The sun won’t be up for over an hour. I’m sitting on the deck with my early morning coffee, facing north, in the direction of Vancouver International Airport. Between me and the airport are more houses, the Fraser River, the No. 2 Road Bridge and lots of roads. All crammed into a few kilometres.

It should be dark out, but it isn’t — thanks to the glare from LED streetlamps and exterior house illuminations. It should also be quiet out, but it isn’t. There’s a distinct hum. It’s like a thick fog hovering over the ground, a fog composed not of water droplets but of noise.

Once the sun has risen and I’m active, my sense of hearing no longer has the advantage because other senses have come into play. Yet I continue to be acutely aware of the hum. In fact, it’s become more intense than before because now there’s more contributing to it — more cars and trucks rumbling along the roads, more air traffic, more construction activity with machinery grinding and howling. The noise is overwhelming.

Linguists disagree about the etymology of noise. Some say its root is in the Latin “nausea,” literally seasickness and by extension disgust, annoyance. Others claim noise derives from the Latin “noxia,” meaning crime, offence, fault. As an aside, the Italian for noise is “rumore,” which comes from the Latin “rumor,” dull noise, hearsay — and yes, you guessed it, the Latin “rumor” is also the root for our English word rumour.

A couple of years ago we happened to witness something significant and unprecedented in the lifetime of most of us. When the pandemic started to rage across the world, during the spring of 2020, people were requested to avoid travelling whenever possible and to avoid contact with others. Human activity was scaled back or even stayed, a situation for which scientists coined the word anthropause. Environmental pollution, which includes that of noise and light, dropped perceptibly. Humans benefitted from the decrease, but so, more importantly, did animals, from the smallest to the biggest, whether in the air or in the water.

Marine life depends on sound (from the Latin “sonus,” sound) for communication, hunting and navigation, using signals that have the capacity to travel thousands of kilometres through water. Now, however, these signals hit obstacles created by human noise pollution. “Ocean creatures ... live in a din previously unknown .... the blast of air guns, the needling and stab of sonar, and the throb of engines are new and, in most places, far louder than just a few decades ago.” Furthermore, in addition to noise pollution, there’s the problem of the volume of traffic — more ships mean more potential collisions with whales. Countless papers are being written on the subject, but so far there’s been little progress in finding even partial solutions. An exception is our Salish Sea, where B.C.’s whale protection unit patrols the area to make sure that people refrain from entering the “no-go zones.”

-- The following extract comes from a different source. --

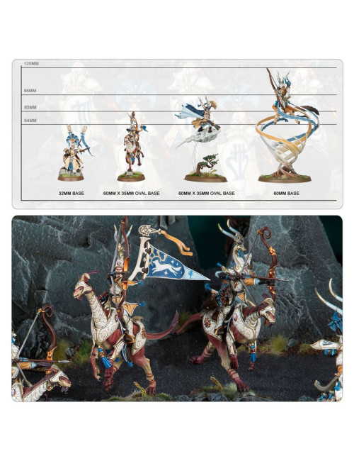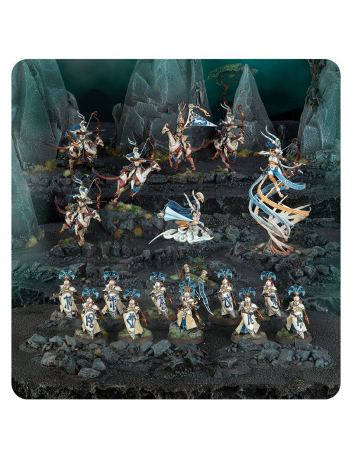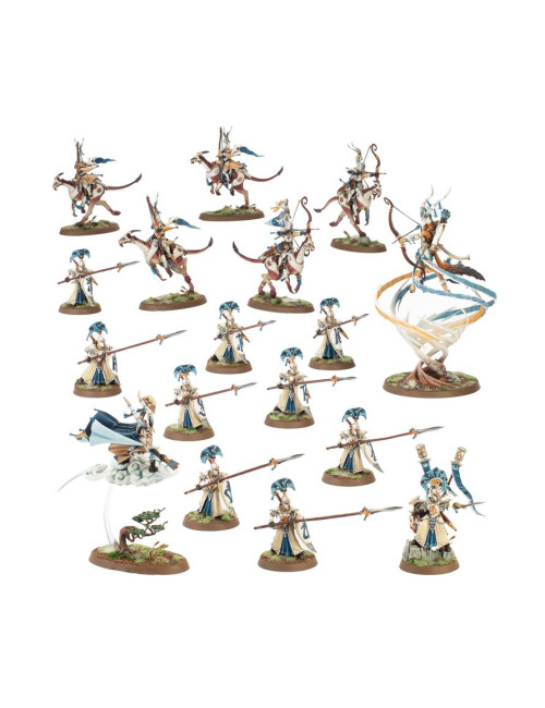 Alzada por el viento vigoroso, la Vanguardia Hurakan protege las fronteras del territorio Lumineth con la rapidez de un céfiro. Mediante su vínculo con el aire, estos devotos guerreros de Hysh luchan en el corazón de un huracán. Sus poderosas corrientes transportan a los aelfos y otorgan gran fuerza a sus flechas, mientras que los enemigos atrapados en el viento son superados, flanqueados y eliminados uno a uno.

Birds make sounds — signals, calls, song —  to find mates, to assess danger, to defend their territory. For them, survival depends on hearing and being heard. When the ambient noise level is high, their sounds have to become louder to compensate. Moreover, the noise caused by humans can distort or disrupt vital information being communicated by birds. It can have a negative impact on their normal social behaviour.

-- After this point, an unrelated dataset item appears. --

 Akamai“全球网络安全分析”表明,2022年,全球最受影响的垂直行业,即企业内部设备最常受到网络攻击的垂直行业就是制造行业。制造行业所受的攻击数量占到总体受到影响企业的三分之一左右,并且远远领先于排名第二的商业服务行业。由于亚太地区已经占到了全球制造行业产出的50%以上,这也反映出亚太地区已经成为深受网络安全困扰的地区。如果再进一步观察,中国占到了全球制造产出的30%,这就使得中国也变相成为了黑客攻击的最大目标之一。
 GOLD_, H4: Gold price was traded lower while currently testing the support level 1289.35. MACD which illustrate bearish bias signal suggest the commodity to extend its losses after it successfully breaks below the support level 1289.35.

Noise pollution is especially disastrous during the period when birds are breeding because it can affect the number of eggs they lay and the size of the chicks that hatch. Spring and early summer are critical times for them, and unfortunately also the period when landscape crews deploy an arsenal of deafening tools — gas-powered lawnmowers, weed whackers, leaf blowers. As far as nature is concerned, these tools are weapons of mass destruction.

Richmond, you are ruthless when it comes to raising our taxes, why can’t you be equally ruthless in imposing a ban on gas-powered lawn maintenance equipment?

Sabine Eiche is a local writer and art historian with a PhD from Princeton University. She is passionately involved in preserving the environment and protecting nature. Her columns deal with a broad range of topics and often include the history (etymology) of words in order to shed extra light on the subject.